Entries provided below:

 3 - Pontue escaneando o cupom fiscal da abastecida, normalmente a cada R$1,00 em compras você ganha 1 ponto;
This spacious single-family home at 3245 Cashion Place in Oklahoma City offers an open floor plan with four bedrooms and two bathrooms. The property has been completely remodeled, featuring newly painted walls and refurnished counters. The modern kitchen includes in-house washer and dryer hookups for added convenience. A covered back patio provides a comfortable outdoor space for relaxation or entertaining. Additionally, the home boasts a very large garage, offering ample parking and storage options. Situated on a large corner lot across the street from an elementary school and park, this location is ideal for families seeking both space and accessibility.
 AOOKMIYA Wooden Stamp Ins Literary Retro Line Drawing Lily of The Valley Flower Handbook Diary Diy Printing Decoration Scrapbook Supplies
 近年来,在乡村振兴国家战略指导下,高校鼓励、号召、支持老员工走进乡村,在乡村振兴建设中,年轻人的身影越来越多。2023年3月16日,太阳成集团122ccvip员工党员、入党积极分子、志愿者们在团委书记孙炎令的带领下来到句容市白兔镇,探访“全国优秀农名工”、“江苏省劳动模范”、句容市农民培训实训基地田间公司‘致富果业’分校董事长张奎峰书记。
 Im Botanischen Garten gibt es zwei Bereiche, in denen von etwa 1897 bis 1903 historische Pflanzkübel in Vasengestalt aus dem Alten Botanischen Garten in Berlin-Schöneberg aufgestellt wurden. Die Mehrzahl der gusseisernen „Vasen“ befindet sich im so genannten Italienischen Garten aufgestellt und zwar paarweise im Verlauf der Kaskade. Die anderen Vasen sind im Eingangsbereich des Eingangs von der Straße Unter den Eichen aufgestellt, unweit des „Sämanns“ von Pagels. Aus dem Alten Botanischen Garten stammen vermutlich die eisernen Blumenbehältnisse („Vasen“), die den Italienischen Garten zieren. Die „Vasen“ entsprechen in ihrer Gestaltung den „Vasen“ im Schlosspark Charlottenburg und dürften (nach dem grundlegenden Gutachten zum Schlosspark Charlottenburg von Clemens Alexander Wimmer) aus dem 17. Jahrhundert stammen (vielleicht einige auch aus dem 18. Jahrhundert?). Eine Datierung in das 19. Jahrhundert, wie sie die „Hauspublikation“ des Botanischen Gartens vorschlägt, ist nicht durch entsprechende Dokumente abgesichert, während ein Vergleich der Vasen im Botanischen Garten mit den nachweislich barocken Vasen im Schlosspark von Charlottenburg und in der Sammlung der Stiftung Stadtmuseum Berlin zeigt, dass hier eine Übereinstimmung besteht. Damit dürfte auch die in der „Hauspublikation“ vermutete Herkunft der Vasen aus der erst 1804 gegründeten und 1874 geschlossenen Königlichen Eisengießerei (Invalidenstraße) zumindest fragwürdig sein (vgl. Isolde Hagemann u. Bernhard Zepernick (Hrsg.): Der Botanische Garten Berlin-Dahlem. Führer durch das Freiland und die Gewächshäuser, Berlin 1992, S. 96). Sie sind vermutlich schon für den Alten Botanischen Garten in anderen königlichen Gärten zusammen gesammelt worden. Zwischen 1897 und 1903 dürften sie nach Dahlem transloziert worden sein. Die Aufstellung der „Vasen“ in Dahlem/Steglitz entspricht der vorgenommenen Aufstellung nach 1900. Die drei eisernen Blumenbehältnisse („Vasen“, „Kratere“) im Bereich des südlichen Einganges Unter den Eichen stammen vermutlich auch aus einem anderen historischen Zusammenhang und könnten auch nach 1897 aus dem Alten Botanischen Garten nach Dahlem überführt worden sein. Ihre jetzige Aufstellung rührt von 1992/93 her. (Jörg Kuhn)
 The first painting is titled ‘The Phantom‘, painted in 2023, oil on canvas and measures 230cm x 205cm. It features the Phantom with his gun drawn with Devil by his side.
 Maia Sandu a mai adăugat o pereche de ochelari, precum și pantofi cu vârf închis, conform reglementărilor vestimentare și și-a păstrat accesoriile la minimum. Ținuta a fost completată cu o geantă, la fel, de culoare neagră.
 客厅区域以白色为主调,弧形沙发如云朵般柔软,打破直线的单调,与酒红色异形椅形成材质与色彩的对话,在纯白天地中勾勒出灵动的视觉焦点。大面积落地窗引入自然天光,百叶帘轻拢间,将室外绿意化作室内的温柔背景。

End of Entries provided.

• **To do**: Write out the lines from the one containing "The first painting" through the last line of the records above. Include both of those lines and nothing else.

• **Solution**:
 The first painting is titled ‘The Phantom‘, painted in 2023, oil on canvas and measures 230cm x 205cm. It features the Phantom with his gun drawn with Devil by his side.
 Maia Sandu a mai adăugat o pereche de ochelari, precum și pantofi cu vârf închis, conform reglementărilor vestimentare și și-a păstrat accesoriile la minimum. Ținuta a fost completată cu o geantă, la fel, de culoare neagră.
 客厅区域以白色为主调,弧形沙发如云朵般柔软,打破直线的单调,与酒红色异形椅形成材质与色彩的对话,在纯白天地中勾勒出灵动的视觉焦点。大面积落地窗引入自然天光,百叶帘轻拢间,将室外绿意化作室内的温柔背景。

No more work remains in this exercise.